I loved every delicious, fattening moment of it.

Then, one night at dinner, Katie had an idea. An awful idea! My wife had a wonderful, awful idea!

“You know,” she said, carving a slice of dinner-cake for herself, “We’ve really been eating a lot of sugar this month.”

“I’ll say!” I chimed in, serving myself seconds of the fresh fudge and toffee and topping off my Eggnog. “It’s glorious, isn’t it kids!”

“Oh, yes, father!” they agreed, pouring dressing on their tossed lemon bars. “Is this what they mean by Christmas Spirit?”

This is it!” I validated, taking a napkin and wiping some kind of glucose-generated froth off my youngest daughter’s mouth.

“Well,” Katie spoke up, “I was thinking that since December has been our month of sugar, maybe January could be our month of NO sugar.”

We all froze…perfectly still. Just kidding. Of course there was way too much sugar coursing through us to actually be “still,” but it definitely got quieter. Then the kids spoke up, lead by my eager-to-please daughter Abbie, “That’s a great idea, Mom!”

“Are you INSANE!?” I thought to myself. “How could a person actually cut out sugar? And WHY – for the love of heaven, WHY?!”

I mean, in theory I agreed with Katie. And when I say “in theory,” what I mean is that I didn’t really agree with her at all. What she was essentially saying was, “Since December was a month of happiness, how about January be a month of NO happiness?”

But after we put the kids in bed to enjoy their sugar-induced comas, Katie and I got out some hot chocolate and pumpkin pie, sat on the couch, and discussed the idea some more.
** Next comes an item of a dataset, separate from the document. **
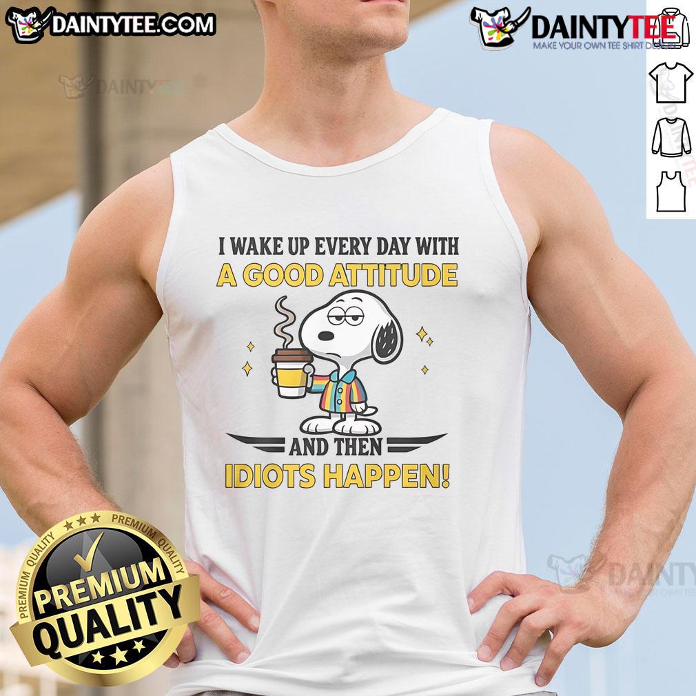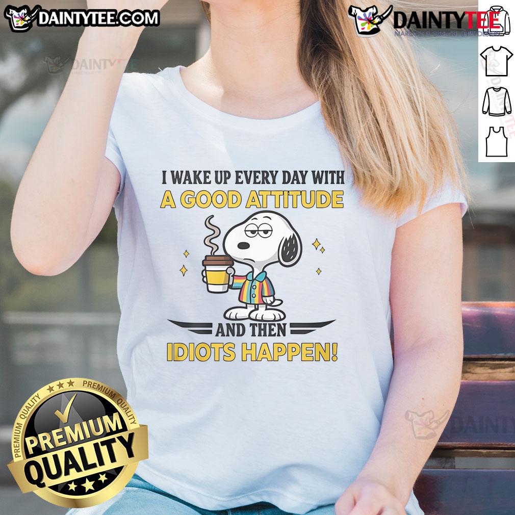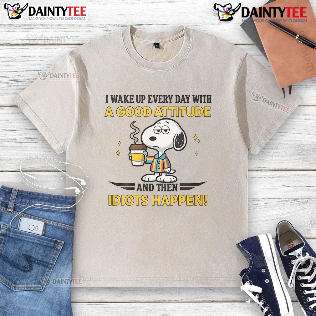 Funny Snoopy I Wake Up Everyday With A Good Attitude And Then Idiot Happen T-Shirt

For the sake of an enormous dental bill, we decided to take a stab at it. And on December 31st, we put all items containing sugar in the trash. In actuality, I thought it was a pretty good idea.

Around noon on January 1st, I thought it was a horrible idea. My body wanted sugar like Jim Carrey wants an Academy Award. So I decided that rather than immediately cut out sugar from my diet, I would slowly wean myself off the stuff. So slowly, in fact, that January 1st was pretty much like any day in December. Once I started back at work, however, it became easier, simply because it wasn’t there. Except for the bag of Snickers bars that I purchased and kept in my drawer. You know, they say small portions of the poison are supposed to help when you’re weaning. That’s not me talkin’, folks, that’s SCIENCE!

Once I had my days under control, I felt better. My nights, though…oh, my nights. It’s tradition for Katie and I to enjoy a treat together regularly at night when we are unwinding. That wasn’t just a December thing – that’s a 10 years of marriage thing! So at night, when we’d be sitting watching TV or reading or something, I was jonesin’ something fierce. Often were the nights I would casually announce that I was going to the kitchen to get a drink of sugar-free tap water, but once there, I would frantically tear that kitchen apart as if I could smell sugar coming from somewhere.

Start with the freezer. Hmm…frozen corn! Aw, it’s not even Sweet Corn! Next, the fridge. Hey – cheese! Does cheese have sugar? It’s dairy – same family as ice cream. Maybe a cold bowl of cheese! No. Then, the pantry. Come on, come on…there’s got to be something sugary in here. Hello, what’s this in the back…behind the cooking oil – hey, cooking oil? Nah. – but what is this back here…it’s…it’s…oh, hold me; it’s a single, old packet of Nestle hot chocolate, long since forgotten. It’s a New Year’s miracle!

Well, January is over, and sugar is allowed on the premises once again. I can’t say that I successfully went 100% sugar-free in the month of January. But I can tell you that it will be a long time before I put Snickerdoodles and wassail on the table and call it dinner. And I’m okay with that. Yeah…I’m growing.